Pendidikan khalifatullah bukan pendidikan
kerdil yang menghasilkan manusia berkarakter firaun dan berkarakter
iblis, yang terus menerus "merusak" bumi dan isinya. Bukan hanya merusak
secara fisik, namun juga secara tatanan nilai dan ideologi.
Pendidikan khalifatullah adalah pendidikan
yang "mengkapitalisasi" ruh Ilahi, potensi ilahi yang ada dalam
manusia, karena manusia adalah satu-satunya makhluk yang dalam unsur
penciptaannya terdapat ruh-Nya. Ruh inilah yang akan menghasilkan bukan
saja manusia terpelajar dan terdidik, namun juga tercerahkan
(enlightened)
Soekarno, Habibie, Gus Dur, Hatta, bukanlah produk dari pendidikan yang kerdil. Mereka buka saja kaum terpelajar, namun juga kaum tercerahkan.

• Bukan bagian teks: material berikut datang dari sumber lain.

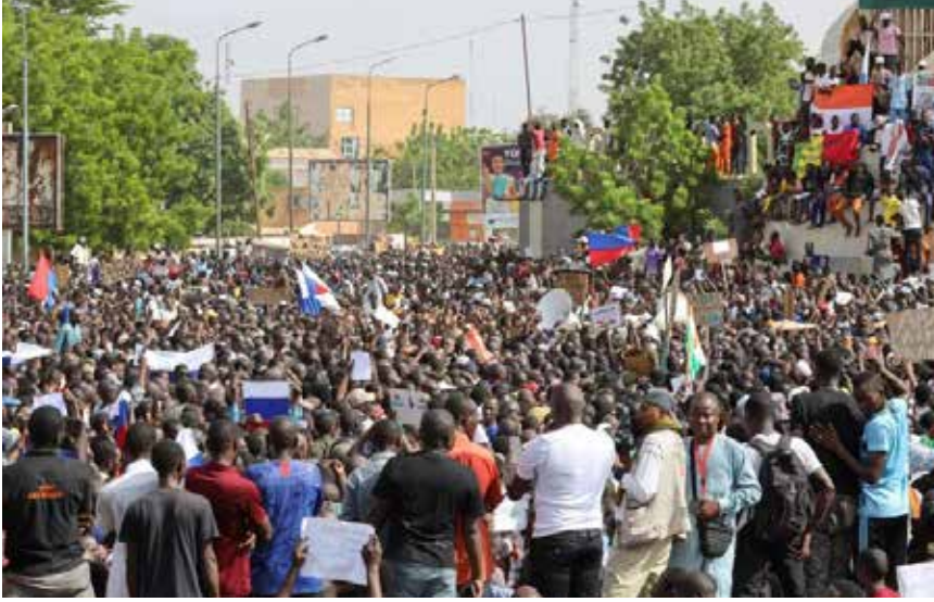
المتظاهرون المؤيدون للعسكر في النيجر هتفوا بسقوط فرنسا ورفعوا أعلام روسيا

ووفق المراقبين، فإن استقرار النيجر وموقعها الجغرافي، يساعدان الجيش الفرنسي على مراقبة الحدود مع ليبيا، ومكافحة الهجرة غير الشرعية. حماية قاعدة المسيرات الأمريكية وينبع قلق الولايات المتحدة من أنه في حال نجاح الانقلاب ستصبح النيجر الدولة الـ11 في سلسلة الدول الأفريقية، التي تشهد نفوذاً روسياً عبر مجموعة "فاغتر"، بعد استمالة بوركينا فاسو العام الماضي. وكذلك تخشى واشنطن على قاعدة الطائرات المسيرة التي أسستها في وسط الصحراء في مدينة أجاديز في شمالي النيجر عام 2014، في إطار عمليات مكافحة إرهاب الجماعات المسلحة في شمالي أفريقيا. وبحسب تقرير لـ"الغارديان البريطانية" فإن الولايات المتحدة أنفقت نحو 500 مليون دولار منذ عام 2012 لمساعدة النيجر على تعزيز أمنها. وليست مستعدة لخسارتها جراء الانقلاب العسكري الأخير وأعلنت فوراً أنها لا تعترف بقيادة الانقلاب.

Mereka beruntung dapat berguru dari sumber ilmu yang memberi ruang bagi ide-ide "gila" dan nyeleneh. Nasionalisme, industri strategis, pluralisme dan ekonomi kerakyatan adalah buah pendidikan yang memerdekakan siswa didik seperti merea. Pendidikan yang mencetak para khalifah.
Sang rahadian, sang prabu
Program National Human Development seyogianya merupakan grand design yang berorientasi pada pembentukan khalifah-khalifah.
Kitabullah seharusnya menjadi dasar dari segala dasar penyusunan sistem pendidikan
nasional, yang di dalamnya jelas-jelas menyampaikan bahwa tidak hanya
edukasi kognitif semata namun juga pentingnya pengembangan kapasitas
yang dibutuhkan di era kompetisi global ini.
Kapasitas apa yang dimaksud? Yaitu kemampuan berkolaborasi dan berinteraksi dalam lingkungan multi kultur. Pendidikan yang output-nya
adalah manusia yang peka dengan potensinya dan cepat membaca dinamika
serta perubahan eksternal. Manusia yang dapat mengharmonisasikan antara
kemampuan, kepekaan dan kesadaran menjadi kebijaksanaan (wisdom).
Bonus demografi yang konon puncaknya akan kita nikmati pada 2030
tidak akan berarti apa-apa tanpa didominasi manusia Indonesia dengan
kualifikasi khalifah. Manusia yang berilmu, terampil, berperilaku baik
dan bijak, –knowledge, skills, attitude dan wisdom: sang rahadian, sang prabu, sang khalifah.
Karena, pada akhirnya penyembahan yang sempurna dari seorang manusia
kepada penciptanya adalah menjadikan dirinya sebagai mandataris Allah
SWT di muka bumi dalam mengelola alam semesta. Sang khalifah!